Five years ago, Kentucky legislators passed a law to allow charter schools, but that did not establish any funding mechanism. By state law, charters are public schools. HB9 calls for creating two pilot charter schools, one in Louisville and the other in northern Kentucky.

It also revised the appeals process for entities seeking to create a charter school. Now, applicants that the Kentucky Department of Education rejects can request the department help them shore up their application. Lawmakers carved out an exception allowing districts with fewer than 7,500 students to block a rejected charter school applicant from appealing.

During his Thursday press update, Beshear brought up some of the same arguments he made in vetoing the bill back in April.

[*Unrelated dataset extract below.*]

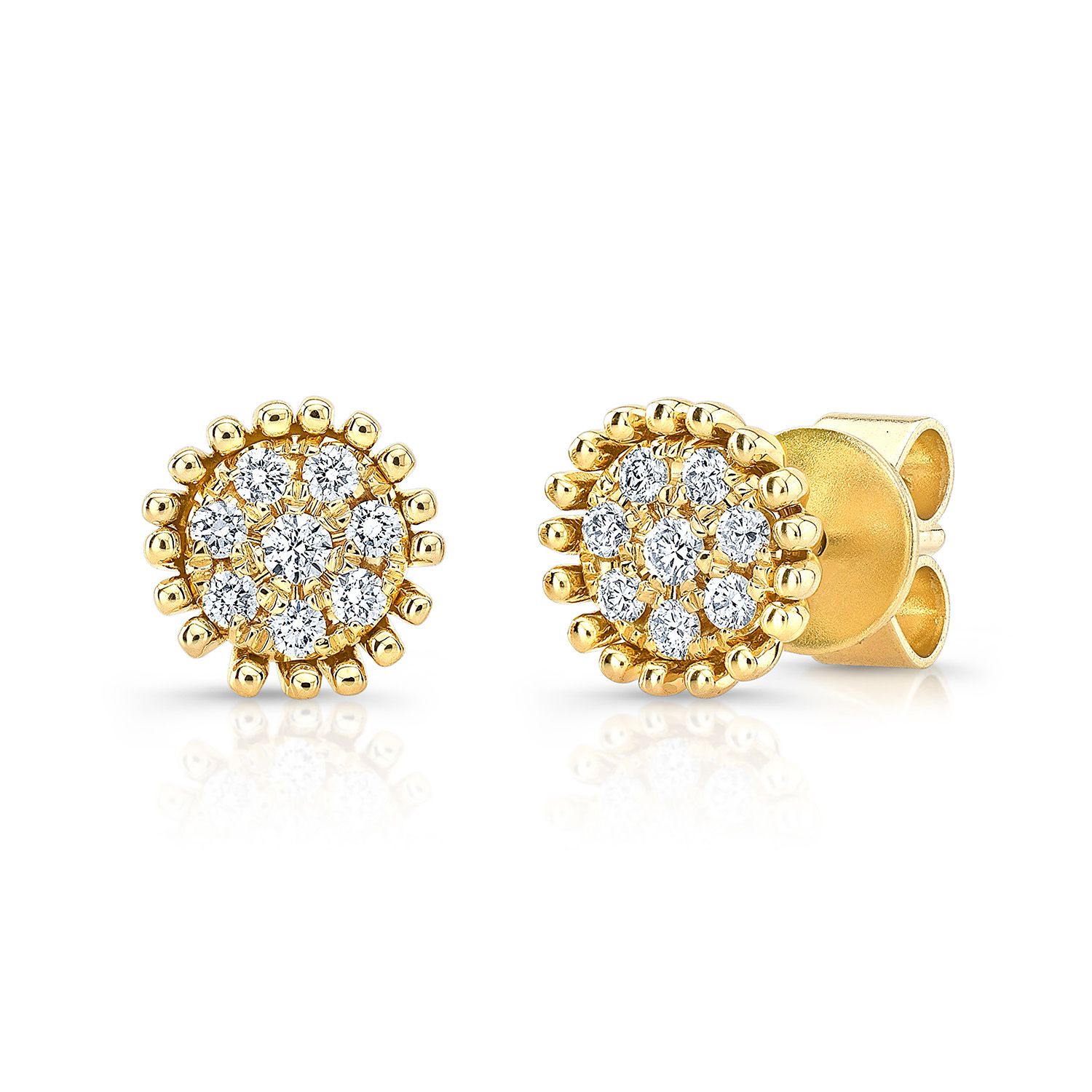 ต่างหูเพชรทรงกลมแบบปาเว่พร้อมขอบประดับเม็ดลูกปัดในทองคำเหลือง 14 กะรัต (1/6 กะรัตรวม)

The governor said a past attempt to establish a charter school was struck down in the court because it established a pilot program in one city, Louisville. This bill, he said, singles out two communities.

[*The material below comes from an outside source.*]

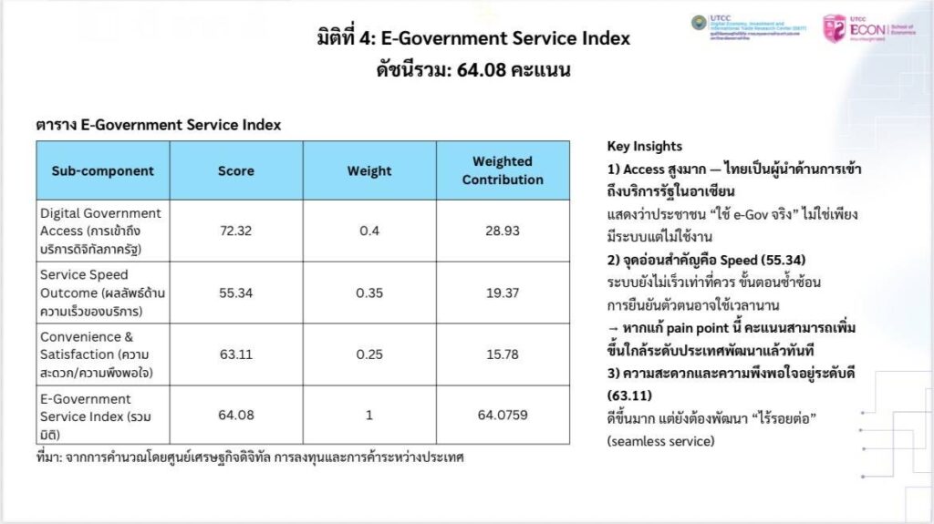 ด้านการใช้บริการภาครัฐดิจิทัล (E-Government Services) ได้คะแนน 64.08 ซึ่งถือว่าดี โดยประชาชนให้คะแนนด้านการเข้าถึงสูง แต่ยังมีข้อจำกัดเรื่องความเร็วของการให้บริการที่ยังไม่ seamless เท่าที่ควร
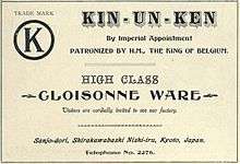 - ↑ "A cloisonné enamel vase By Kin'unken of Kyoto, Meiji Period". Bonhams.com. Retrieved 2016-02-26.

“I believe charter schools are unconstitutional, period,” Beshear said. “The (state) constitution talks about public dollars only going to public schools. I believe that there are decisions in the past that upheld that. And listen, the idea that we would take money away from our public schools because you don’t think that they’re doing well enough, and then give them to a different group that you put less restrictions on than the public schools not only isn’t fair, it’s going to leave more students behind than it’s going to lift up.”

Charter schools have been opposed by public school teacher groups in Kentucky. One of those groups, KY 120 United-AFT, earlier this year filed an ethics complaint with the Kentucky Legislative Ethics Commission against state Rep. Kim Banta, R-Fort Mitchell. The group claimed she benefitted from the northern Kentucky charter school provision because her husband works for a firm that had plans for an “urban academy” in a planned development project in the northern Kentucky region.

Kentucky currently is one of a handful of states that do not have charter schools in operation.